Cognitive enhancement (R1/GPT-5) reduces total cost but does not eliminate the bullwhip effect — even "smarter" agents still exhibit myopic behavior.
Information sharing is the most effective intervention, consistently reducing costs by 40–50% across all configurations.
Self-interested behavior (each agent minimizing its own cost) is identified as the root cause of systemic inefficiency.

Highlights & Insights¶

Using LLMs to simulate behavioral experiments is a highly promising paradigm: compared to human-subject experiments, the approach reduces costs by orders of magnitude, supports large-scale replication, and enables precise variable control.
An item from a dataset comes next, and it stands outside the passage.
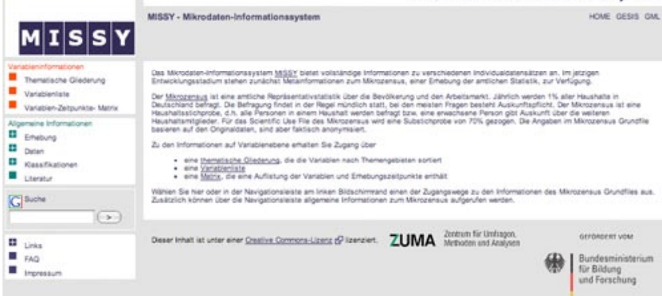
Figure I: MISSY

MISSY facilitates research based on the German Microcensus. Gathering all the necessary metadata incorporating the knowledge of the GML is the first step; this includes official documents of the Federal Statistical Office. The second step is one that connects all the metadata in a way that considers the textual relationships between the data and the enquiries of social scientists and economists. The implementation accomplished by MISSY is based on the DDI (Data Documentation Initiative) 2.1 standard.

This has transformative implications for operations management and behavioral economics research.
The finding that cognitive enhancement cannot eliminate the bullwhip effect is particularly insightful: the problem lies not in individual intelligence, but in information structure and incentive design — a conclusion that closely mirrors dynamics in real organizations.
The dual-family validation design (DeepSeek + GPT) ensures the cross-platform robustness of the findings.
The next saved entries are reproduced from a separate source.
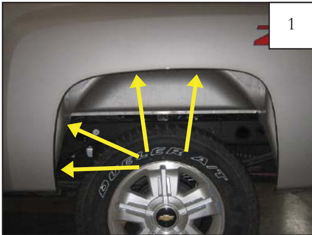
Remove four factory fasteners with a pry tool.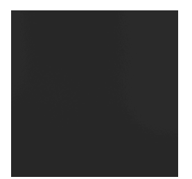
Charcoal - Satin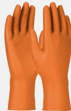
PIP® Grippaz® Engage sized S - 3XL

Limitations & Future Work¶

Whether the "cognitive biases" exhibited by LLM agents are fundamentally equivalent to those of humans remains uncertain — they may reflect behavioral patterns learned from training data rather than genuine cognitive limitations.
While the beer distribution game is a classic benchmark, it is highly simplified; real supply chains involve far greater complexity (multiple products, stochasticity, contractual constraints).
The temperature parameter is fixed at 1; behavior may differ under other temperature settings (though prior work on stability is cited).
Only 4-echelon linear supply chains are studied; networked supply chain behavior may differ substantially.
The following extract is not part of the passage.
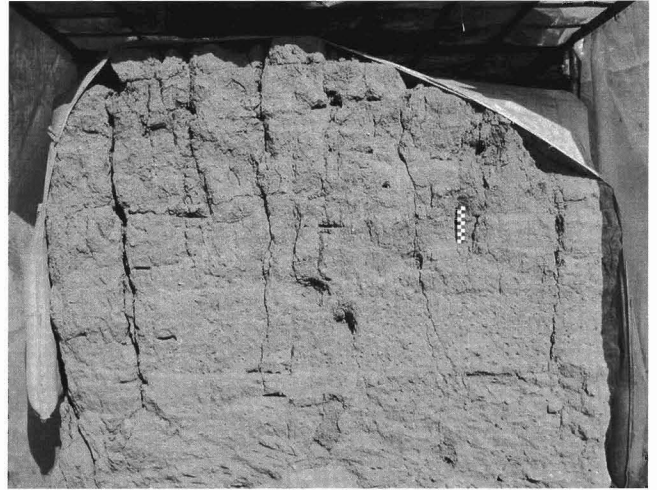
FIGURE 8 Vertical fissures on same wall in 2002, two years after excavations. Note the stretched canvas, weighted down by pockets of sand on either side.

this information in what will continue to be an interesting experiment in professional interaction, in substantive conservation, and in more enlightened archaeology. 1

vs. Kirshner (2024): A pioneering work deploying LLM agents in supply chains, but using homogeneous settings; this paper is the first to introduce cognitive heterogeneity.
vs. Park et al. (2023) (Generative Agents): Focuses on social interaction simulation; this paper extends LLM agents to structured economic environments.
vs. traditional RL methods (IPPO/MAPPO): Require strict state space definitions and extensive training; LLM agents exhibit human-like behavior with zero training.

Rating¶

Novelty: ⭐⭐⭐⭐ A novel perspective combining cognitive heterogeneity with supply chain simulation.
Experimental Thoroughness: ⭐⭐⭐⭐⭐ 32 replications × 6 configurations × 2 information conditions, with rigorous statistical validation.
Writing Quality: ⭐⭐⭐⭐ Experimental design is clear; statistical analysis is sound.
Value: ⭐⭐⭐⭐ Opens a new direction for applying LLM agents to organizational behavior research.